I’m trying that using BeautifulSoup with Python, been trying for days, also googling.

How can this be done?

Asked By: W01v3n

||

Answers:

This is how I would do it, I will get all the h2, p tags and iterate through them saving the last h2 tag content and tying it to the paragraphs next to it.
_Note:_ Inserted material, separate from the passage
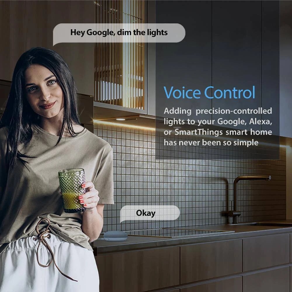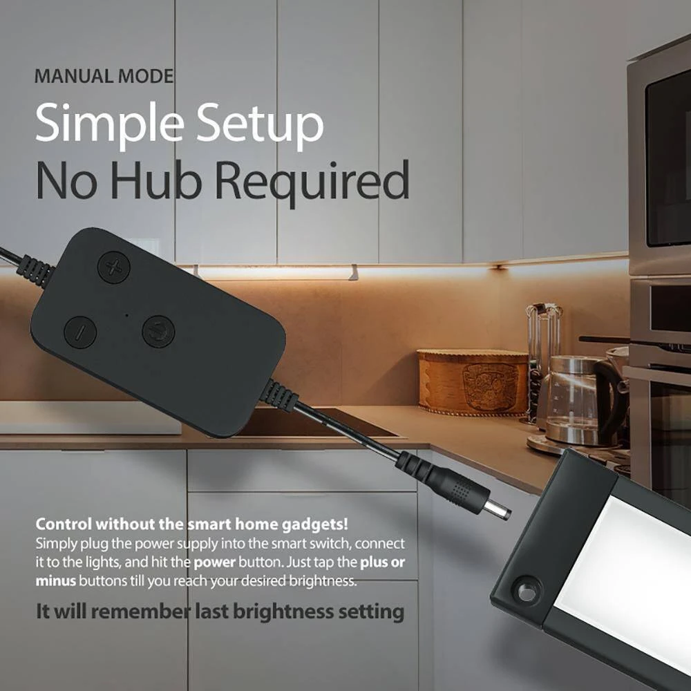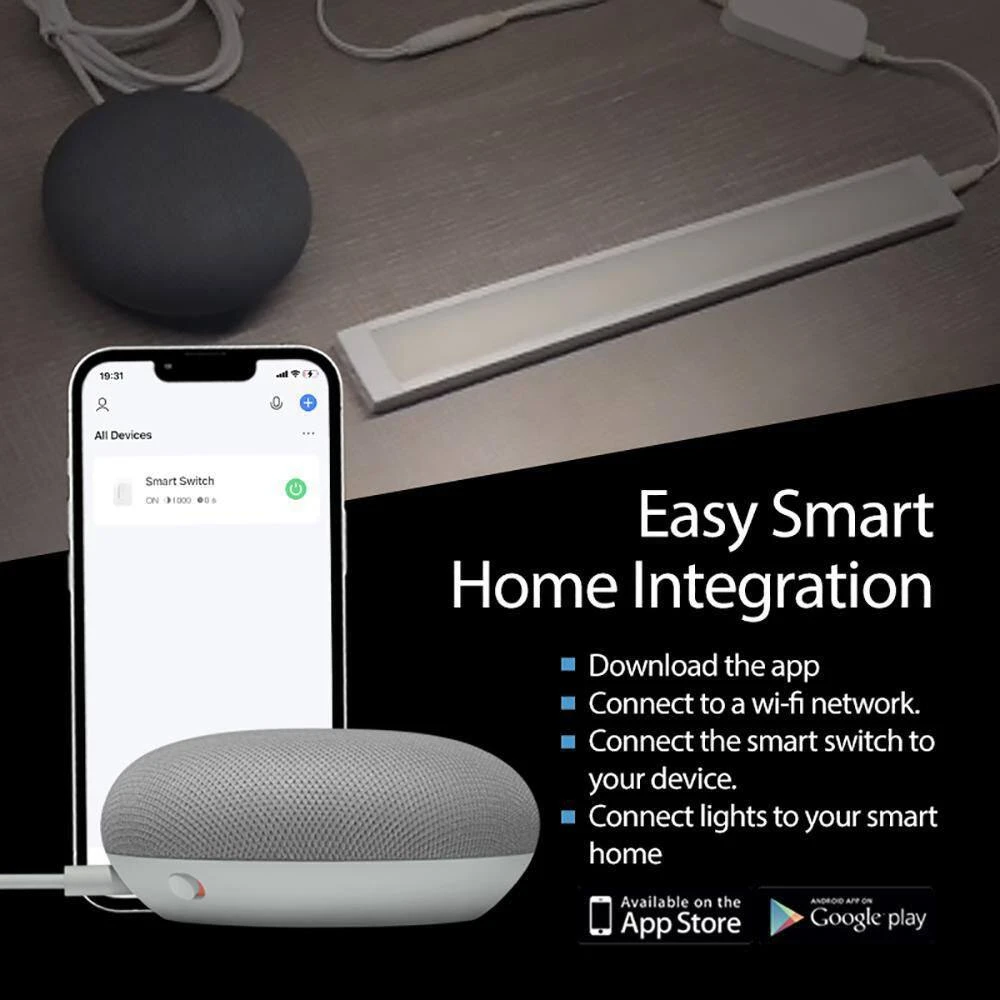 - EASY SMART HOME INTEGRATION: Just download the app, connect to your 2.4 ghz wi-fi network, connect the smart switch, add your device, and presto! You’ve got precise voice control of your cabinet lights; no hub required. Now you can quickly set them to a specific brightness level or schedule them to turn on/off, brighten, or dim at certain hours.

from bs4 import BeautifulSoup

html = '''
<h2>Heading Text1</h2>

<p>Paragraph1</p>
<p>Paragraph2</p>

<h2>Heading Text2</h2>

<p>Paragraph3</p>
<p>Paragraph4</p>
<p>Paragraph5</p>
'''

soup = BeautifulSoup(html, 'html.parser')

dict_to_save = {}

# find all the 'h2' and 'p' tags
for tag in soup(['h2','p']):
    # if 'h2' tag save it into a variable named header
    if tag.name == 'h2':
        header = tag.text.strip()

    # if not 'h2' tag add this paragraph to the last header
    else:
        dict_to_save[header] = dict_to_save.get(header, []) + [tag.text.strip()]

print(dict_to_save)
{'Heading Text1': ['Paragraph1', 'Paragraph2'],
 'Heading Text2': ['Paragraph3', 'Paragraph4', 'Paragraph5']}
Answered By: Hanna

You could get your goal while working with a dict and .find_previous() – Iterate all <p>, find its previous <h2> and set it as key in your dict, than simply append the texts to its list:

d = {}
for p in soup.select('p'):
    if p.find_previous('h2'):
        if d.get(p.find_previous('h2').text) == None:
            d[p.find_previous('h2').text]=[]
    else:
        continue
    d[p.find_previous('h2').text].append(p.text)

Example

from bs4 import BeautifulSoup

html = '''
<p>Any Other Paragraph</p>
<h2>Heading Text1</h2>

<p>Paragraph1</p>
<p>Paragraph2</p>

<h2>Heading Text2</h2>

<p>Paragraph3</p>
<p>Paragraph4</p>
<p>Paragraph5</p>
'''
soup = BeautifulSoup(html)

d = {}
for p in soup.select('p'):
    if p.find_previous('h2'):
        if d.get(p.find_previous('h2').text) == None:
            d[p.find_previous('h2').text]=[]
    else:
        continue
    d[p.find_previous('h2').text].append(p.text)
d

Output

{'Heading Text1': ['Paragraph1', 'Paragraph2'],
 'Heading Text2': ['Paragraph3', 'Paragraph4', 'Paragraph5']}
Answered By: HedgeHog

This is almost identical to the question posed yesterday. You can solve this in few different ways. Here is how I would do it:

from bs4 import BeautifulSoup

html = """
<h2>Heading Text1</h2>

<p>Paragraph1</p>
<p>Paragraph2</p>

<h2>Heading Text2</h2>

<p>Paragraph3</p>
<p>Paragraph4</p>
<p>Paragraph5</p>

<h2>Heading Text3</h2>

<p>Paragraph6</p>
<p>Paragraph7</p>
<p>Paragraph8</p>
<p>Paragraph9</p>
"""

soup = BeautifulSoup(html,"html.parser")
data_dict = {}
for item in soup.select("h2"):
    header = item.get_text(strip=True)
    content = []
    for i in item.next_siblings:
        if i.name=="h2": break
        content.extend([x for x in i.stripped_strings])
    data_dict[header] = content

print(data_dict)
Answered By: MITHU